患者が特定される可能性のある情報は、絶対に開示しないようにしましょう。
結果=何が分かったのか?
1.事例紹介
診断名や、既往歴、家族背景、これまでの経過等について要約して記載しましょう。
2.実践
実践したことを記載していきます。
◆まとめ方のポイントと例◆
大事なことは、根拠性のある枠組み(理論やモデル、定義など)に沿って、事例をまとめていくことです。
【例1】看護問題に即して記述していく
♯安楽障害
長期目標
短期目標
実践
患者の反応
・客観的データ:呼吸数、血圧、看護師などの第3者からの評価、カルテ情報、スケール等
・主観的データ:患者の発言
・患者とのやり取りの一場面を切り取ってまとめる:その際、理論・モデルを用いると尚よい
例:症状マネジメントモデルなど
【例2】定義に即してまとめる
痛みには4つの側面(1. 身体的、2. 精神的、3. 社会的、4. スピリチュアル)があります。
それに即して事例をまとめていきましょう。
1.身体
2.精神
3.社会
4.スピリチュアル
介入前後でどのような変化があったのかをまとめる。
考察=どういう意味があるのか?
考察は最も、記述するうえで難しいとされるセクションです。
結果に、あなたが解釈したことを記載し意味づけを行っていきましょう。
1.介入の評価
例えば・・・
同じような先行研究と比較して、同様の結果が得られているのか、それとも異なる結果が得られたのかを記述し、考察をしていく。
同じような結果であった場合、介入の有効性を強調できることを述べ、何が要因だと考えられるのかについて記載していく。

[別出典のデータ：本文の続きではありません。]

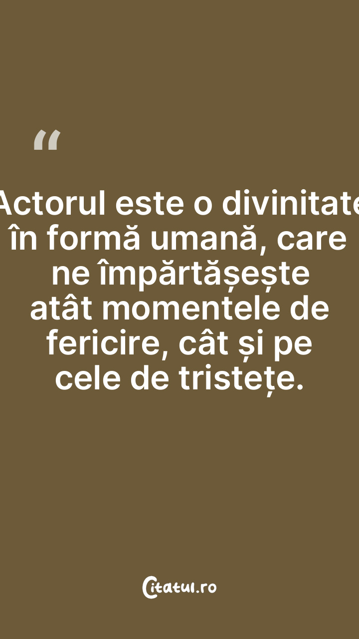 Actorul este o divinitate în formă umană, care ne împărtășește atât momentele de fericire, cât și pe cele de tristețe.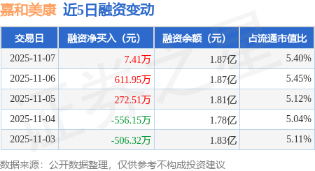 证券之星消息,11月7日,嘉和美康(688246)融资买入955.73万元,融资偿还948.32万元,融资净买入7.41万元,融资余额1.87亿元,近3个交易日已连续净买入累计891.86万元。

マッサージの介入であれば、介入時間の長さ、使用物品の影響(アロマを用いたこと)、技術(タッチングの効果があったためでないか)…等について記述する。
異なる結果であった場合、介入の効果が得られないのはなぜかについて記載していく。
患者の精神状態に左右されたのではないか、時間が短すぎたためでないか等…
教科書や、先行研究を用いながら記述をしていきます。
2.今後の実践に向けて
今後、看護実践をする上で、どう活用していけばいいのかについて書くと尚、いいでしょう。
3.研究の限界
今回の看護援助の限界についても記載しましょう。
例:限られた時間内での実践であった等。
結論=何を学んだのか?
重要な点について、簡潔に記載しましょう。
いくつか結論が示された場合は、箇条書きにするなど、読み手に分かりやすく伝わるように工夫しましょう。
例:マッサージの介入は、がん患者の疼痛緩和に有効であるだけでなく、家族との関係性においても活用できることが示された。